以UV440為例:可以整理出對應的位置表格
| BANK | lane0 | lane1 | lane2 | lane3 |
| Bank229 | X0Y40 | X0Y41 | X0Y42 | X0Y43 |
| Bank230 | X0Y44 | X0Y45 | X0Y46 | X0Y47 |
| Bank231 | X0Y48 | X0Y49 | X0Y50 | X0Y51 |
| Bank232 | X0Y52 | X0Y53 | X0Y54 | X0Y55 |
| Bank219 | X0Y0 | X0Y1 | X0Y2 | X0Y3 |
| Bank220 | X0Y4 | X0Y5 | X0Y6 | X0Y7 |
| Bank221 | X0Y8 | X0Y9 | X0Y10 | X0Y11 |
| Bank224 | X0Y20 | X0Y21 | X0Y22 | X0Y23 |
| Bank225 | X0Y24 | X0Y25 | X0Y26 | X0Y27 |
| Bank226 | X0Y28 | X0Y29 | X0Y30 | X0Y31 |
| Bank227 | X0Y32 | X0Y33 | X0Y34 | X0Y35 |
Ibert配置介紹:
新建一個臨時Temp工程:芯片選擇
在ip Catalog搜索ibert:
根據連接進行配置GTH的選項:
選擇一個系統使用,一般選擇板卡上的一個全局時鍾即可:
生成Example:
會在指定目錄生成一個新的示例工程:
直接點生成bit即可:
板卡上電,設置對應的時鍾頻率,(此例中:參考時鍾及系統時鍾)下載bit到FPGA,
使用FPGA vivado掃描Hardware,
set xil_newLinks [list]
set xil_newLink [create_hw_sio_link -description {Link 1} [lindex [get_hw_sio_txs localhost:3121/xilinx_tcf/Digilent/210251AC2FD0/0_1_0_1/IBERT/Quad_227/MGT_X0Y32/TX] 0] [lindex [get_hw_sio_rxs localhost:3121/xilinx_tcf/Digilent/210251AC2FD0/2_1_0_1/IBERT/Quad_224/MGT_X0Y20/RX] 0] ]

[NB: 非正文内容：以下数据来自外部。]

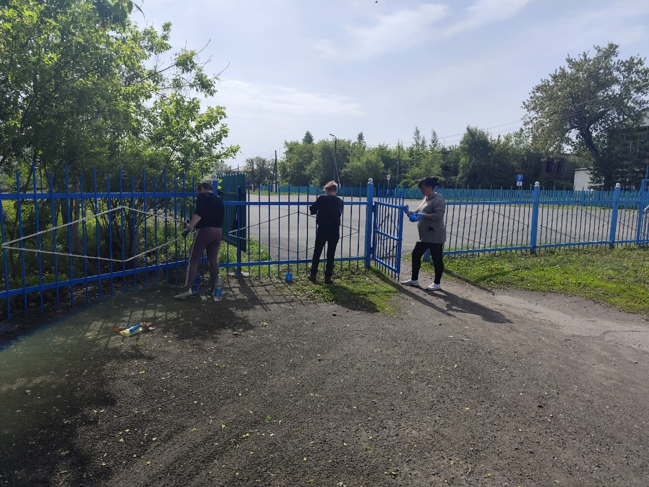 «Таза Қазақстан» ұлттық бағдарламасын жүзеге асыру аясында орталық алаңның қоршауы сырлануда
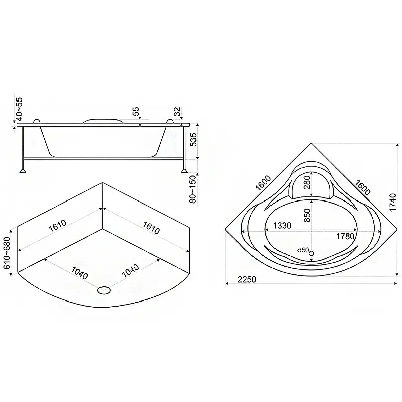 Будьте первым, кто оставил отзыв на “Ванна акриловая BAS Мега 160х160 на каркасе Белый В 00024”

lappend xil_newLinks $xil_newLink
set xil_newLink [create_hw_sio_link -description {Link 2} [lindex [get_hw_sio_txs localhost:3121/xilinx_tcf/Digilent/210251AC2FD0/0_1_0_1/IBERT/Quad_227/MGT_X0Y33/TX] 0] [lindex [get_hw_sio_rxs localhost:3121/xilinx_tcf/Digilent/210251AC2FD0/2_1_0_1/IBERT/Quad_224/MGT_X0Y21/RX] 0] ]
lappend xil_newLinks $xil_newLink
set xil_newLink [create_hw_sio_link -description {Link 3} [lindex [get_hw_sio_txs localhost:3121/xilinx_tcf/Digilent/210251AC2FD0/0_1_0_1/IBERT/Quad_227/MGT_X0Y34/TX] 0] [lindex [get_hw_sio_rxs localhost:3121/xilinx_tcf/Digilent/210251AC2FD0/2_1_0_1/IBERT/Quad_224/MGT_X0Y22/RX] 0] ]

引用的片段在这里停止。